Many investors also realized how carried away the market has truly become during the post covid bull-run. Ambitious NFT and crypto projects sprung up by the hundreds, and just as quickly, almost all would fail. Crypto scams were commonplace to the point that when one would happen, nobody in the crypto community would be surprised. Just in 2022, dozens of high-level scams have occurred to promising crypto projects. Axie Infinity, the biggest crypto game on the market, had $615 million stolen. Seth Green, a producer working on a comedic series involving Bored Ape NFTs, had 4 of his characters stolen, leading him to pause the show’s production. Luna, previously ranked among the top 10 most valuable cryptocurrencies in the market, lost 99.98% of its value overnight. Those are just four of the many scams and failures in the crypto market. Many other smaller altcoins had similar fates, with occurrences happening so often that scams were named “rug pulls” by the crypto community. With these projects or coins failing, especially the bigger ones with alot of value and money put into them, investors realized that no coin is safe. Even a coin such as Bitcoin or Ethereum could see a heavy crash, which is precisely what ended up happening.
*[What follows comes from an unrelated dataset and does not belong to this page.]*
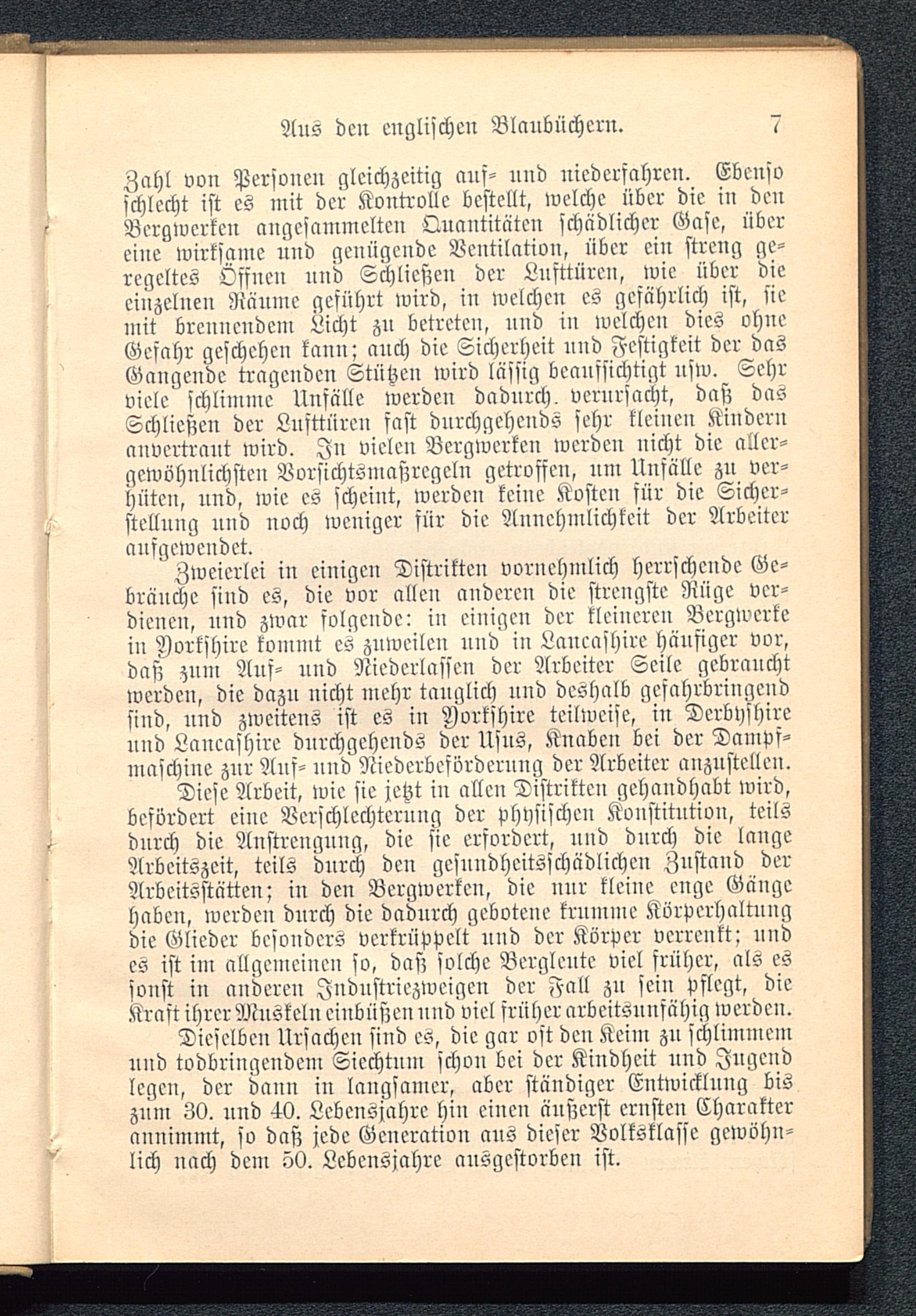 Diese Arbeit, wie sie jetzt in allen Distrikten gehandhabt wird,befördert eine Verschlechterung der physischen Konstitntion, teilsdurch die Anstrengung, die sie erfordert, nnd dnrch die langeArbeitszeit, teils dnrch den gcsnndhcitsschädlichcn Znstand derArbeitsstätten; in den Bergwerken, die nnr kleine enge Gängehaben, werden dnrch die dadurch gebotene krnmnic Körperhaltungdie Glieder besonders verkrüppelt nnd der Körper verrenkt: nndes ist im allgemeinen so, daß solche Bergleute viel früher, als essonst in anderen Industriezweigen der Fall zn sein Pflegt, dieKraft ihrer Mnskeln einbüßen nnd viel früher arbeitsunfähig werden.

What will happen now to crypto?
Due to the unfortunate crash and events leading up to the crash, now is the perfect time for all digital assets, including crypto, NFTs, and metaverse projects, to reform and change for the better. Gone are the days of scamming with obscure altcoins and “rug pulls.” Only the most viable and promising crypto coins will survive this bear market. From there, crypto innovators will once again begin to innovate and create new products, this time with a new focus. Instead of quick cash grabs like many NFT and crypto projects have been in the past, investors and innovators will now look to make products that can withstand volatility while also providing real-life use cases to the consumer. More accurate and complete market research will be done in order to determine what use-cases consumers will actually want. Innovators will stop making products they think will work well with impractical obscure uses but instead make products for the consumer themselves. This way, they will see much more prominent successes and fewer failures. Crypto will become a reformed space full of innovation and possibility.